This is my first time using matlab and for filtering I came across a simple code for our case above but it displayed error message
inputSignal = (t, s);
Invalid expression. When calling a function or indexing a variable, use parentheses. Otherwise, check for mismatched delimiters
F = 8
Fs = 30
[y, x] = butter(5, F/(Fs/2), 'low’)
inputSignal = (t, s);
outSignal = filter(y, x, inputSignal);
plot(outSignal)
Star Strider
Star Strider am 8 Mai 2023
As always, my pleasure!
I would do this instead —
F = 8
Fs = 30
[y, x] = butter(5, F/(Fs/2), 'low’)
inputSignal = s;
outSignal = filtfilt(y, x, inputSignal);
figure
plot(t, outSignal)
There is no reason to include the time vector in the signal being filtered, so I eliminated it here.

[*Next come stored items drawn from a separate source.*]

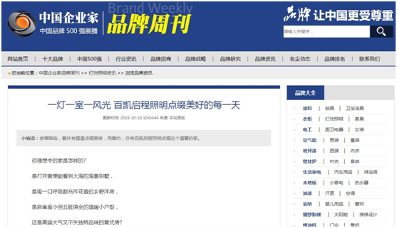 《中國企業家?品牌周刊》刊載報道:多年來,百凱啟程團隊始終站在消費者的角度看問題,并憑借敏銳的市場觸覺與成熟的設計水平致力于時尚產品的研發生產,接連不斷地向市場輸送別具一格的照明臻品。
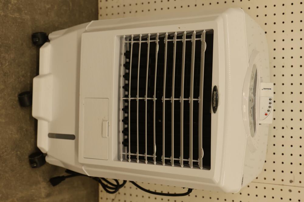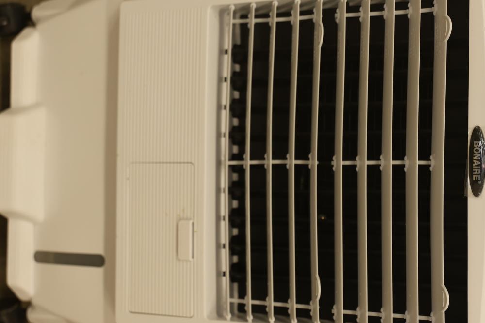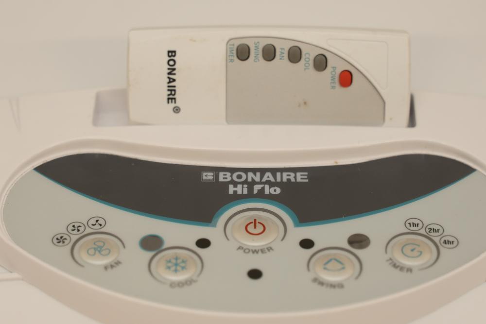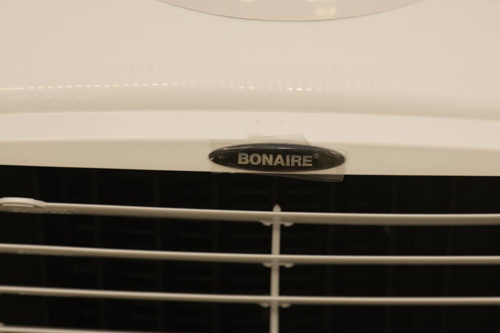 Bonaire Hi Flo 450 CFM Portable Evaporative Air Cooler with Remote, Model CDU6280064. Features adjustable control panel, a remote control, and a removable filter. 110-120 V, 60Hz, 0.55A. Includes instruction manual. Pickup only.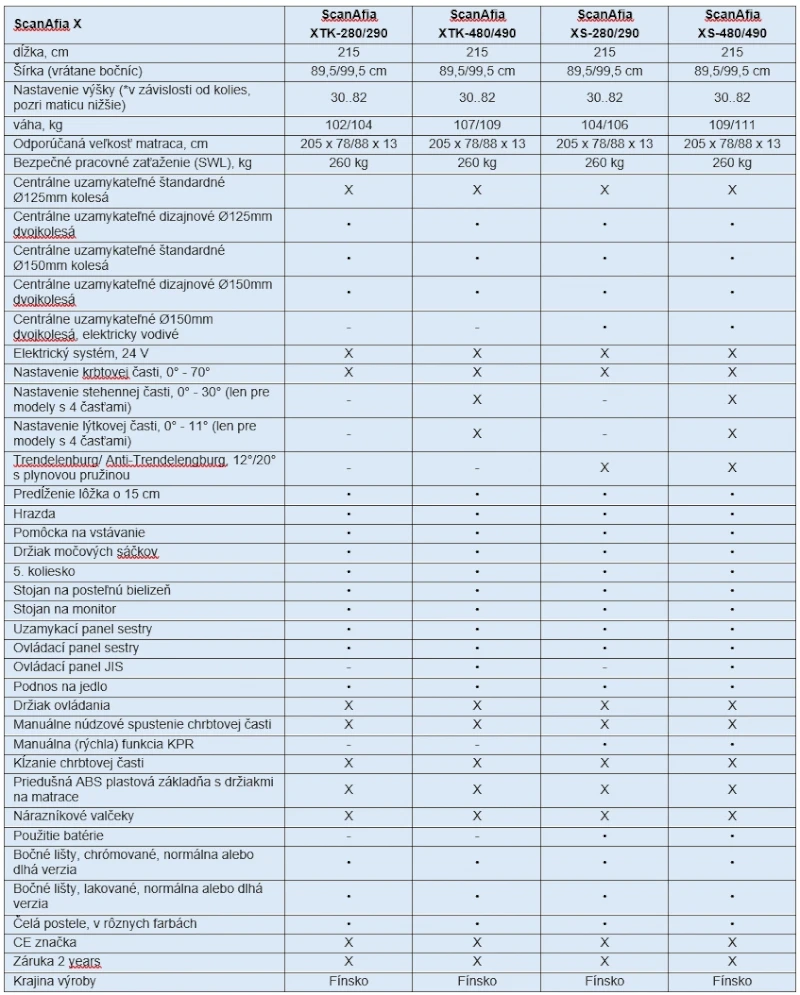 Kvalitné nemocničné lôžko ScanAfia XS a XTK je bezpečnou voľbou pre nemocničné oddelenia. Posteľ bola navrhnutá pre použitie zdravotníckymi pracovníkmi v nemocniciach, zdravotníckych strediskách a podobných zariadeniach a spĺňa požiadavky novej normy EN 60601-2-52:2010 pre zdravotnícke lôžka.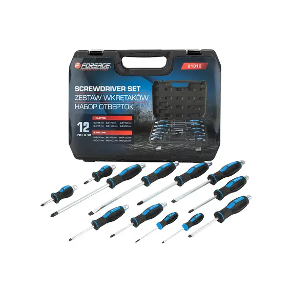 Набор отверток силовых ударных 12 предметов в пластиковом кейсе от бренда Forsage предназначен для работы с крепежными элементами и подходит для выполнения различных монтажных и демонтажных работ.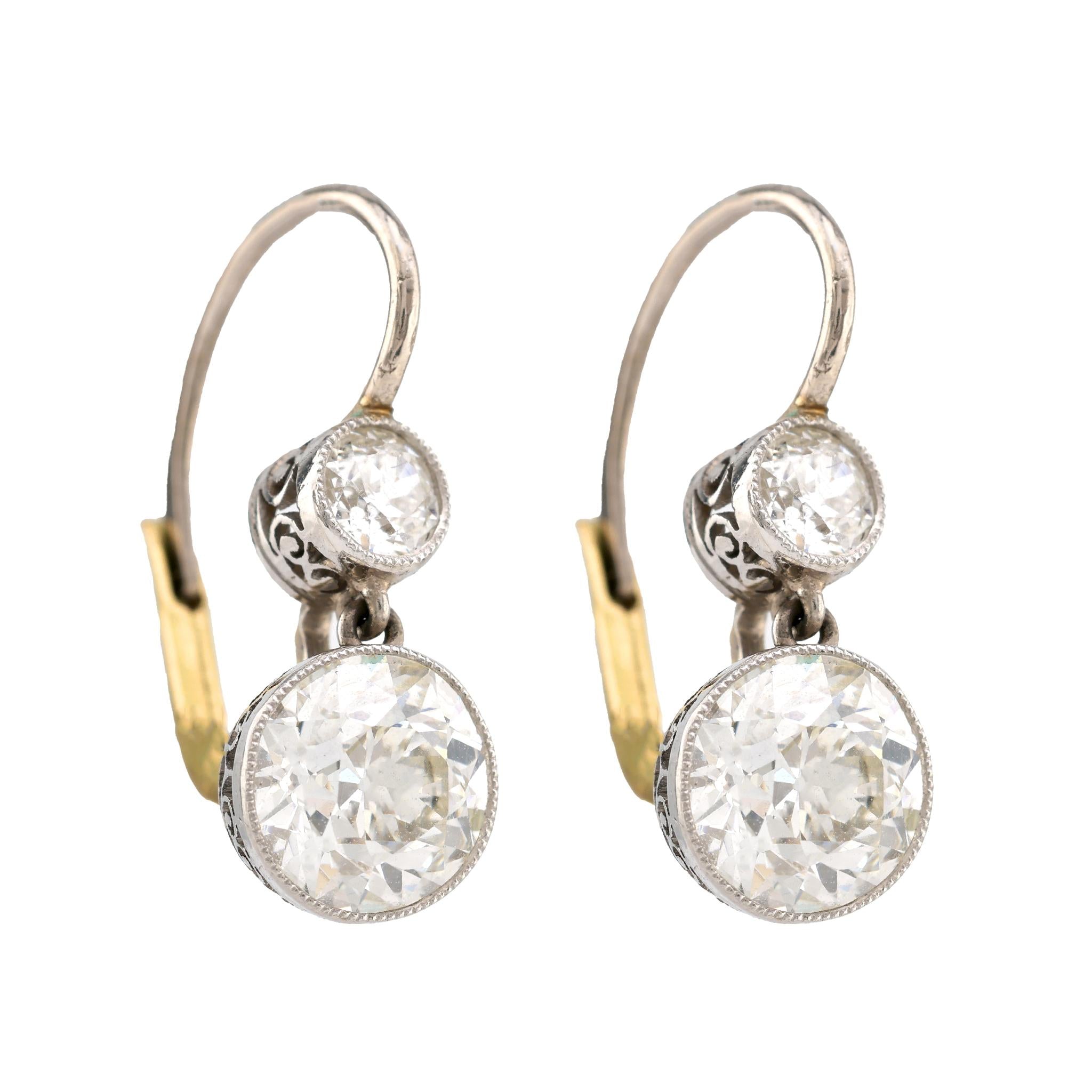 Edwardian Inspired Diamond Two Tone Drop Earrings Trumpet Horn Very well made.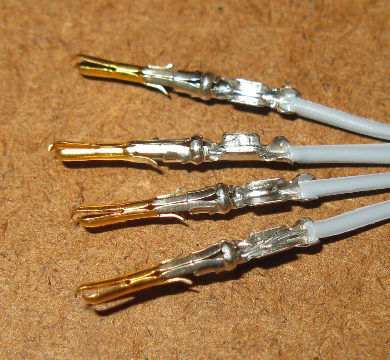 Soldered to the 4-way lengths of ribbon cable. That's it for these pictures, I didn't go any further photographically, for some reason, but in brief the next step is to solder either 5¼" or 3½" pins to the other end and then fit a connector at each end and test.
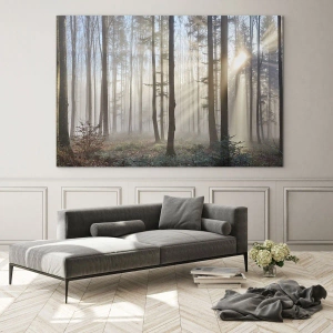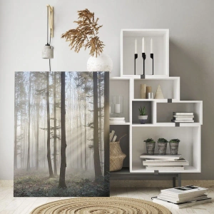 Impression sur verre - Image sur verre - Les rayons du soleil du matin pénètrent la forêt brumeuse - 50x70cm - Le brouillard s'est aussi réveillé - Décoration murale moderne pour le salon et la chambre ARTTOR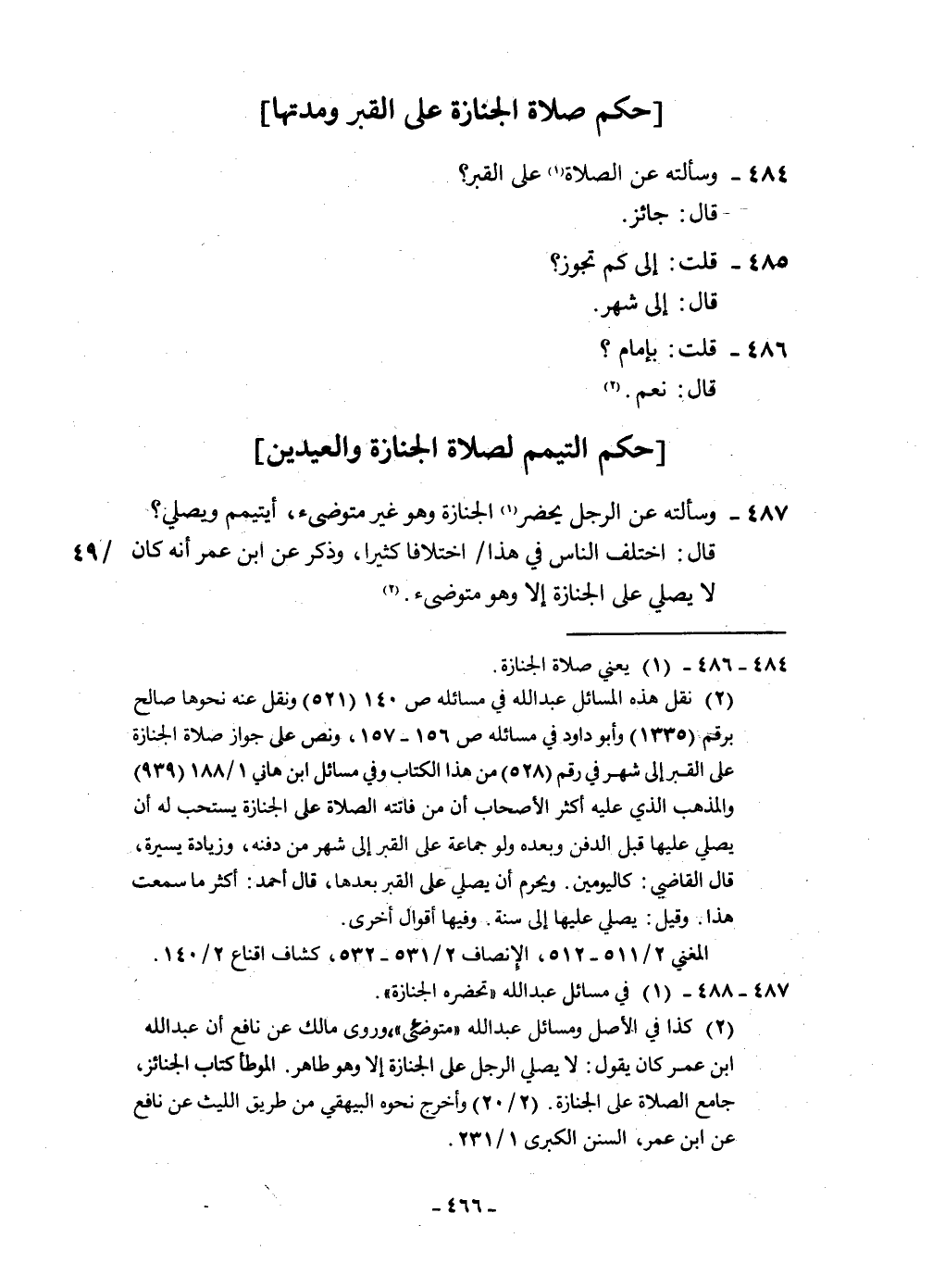 ٤٨٤ - وَسَأَلته عَن الصَّلَاة على الْقَبْر قَالَ جَائِز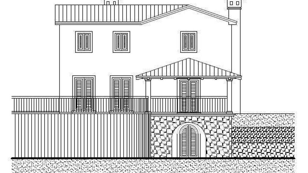 Geplant ist ein stilvolles Wohnhaus mit 193,81 m² Wohnfläche auf drei Ebenen, Terrasse und Pool. Das Konzept vereint traditionelle Elemente (Kamin, Stein, Fensterläden) mit modernen Annehmlichkeiten und einer durchdachten Raumaufteilung, inklusive separatem Arbeitsbereich, Garderobe und Bad im Obergeschoss. Ein Pool, großzügige Terrassenflächen und der fantastische Meerblick machen das Anwesen zu einem Rückzugsort mit besonderem Flair.

However if you want to concatenate two column vectors, use square brackets as [a, b] (although the comma is optional) and if you want to concatenate two row vectors [a; b] using the semicolon to create a second row (to vertically concatenate them). In all instances, the vectos must have the same row and column dimensions.
Actually, I would design the filter differently (I prefer elliptic filters because they are more computationally efficient), however to design a Butterworth filter I would begin with the buttord function, then butter, however producing zero-pole-gain output, and then use the zp2sos function to produce a second-order-section representation, and call filtfilt as:
outSignal = filtfilt(sos, g, inputSignal);
The filtering will be more effective and the filter will always be stable with these changes.
.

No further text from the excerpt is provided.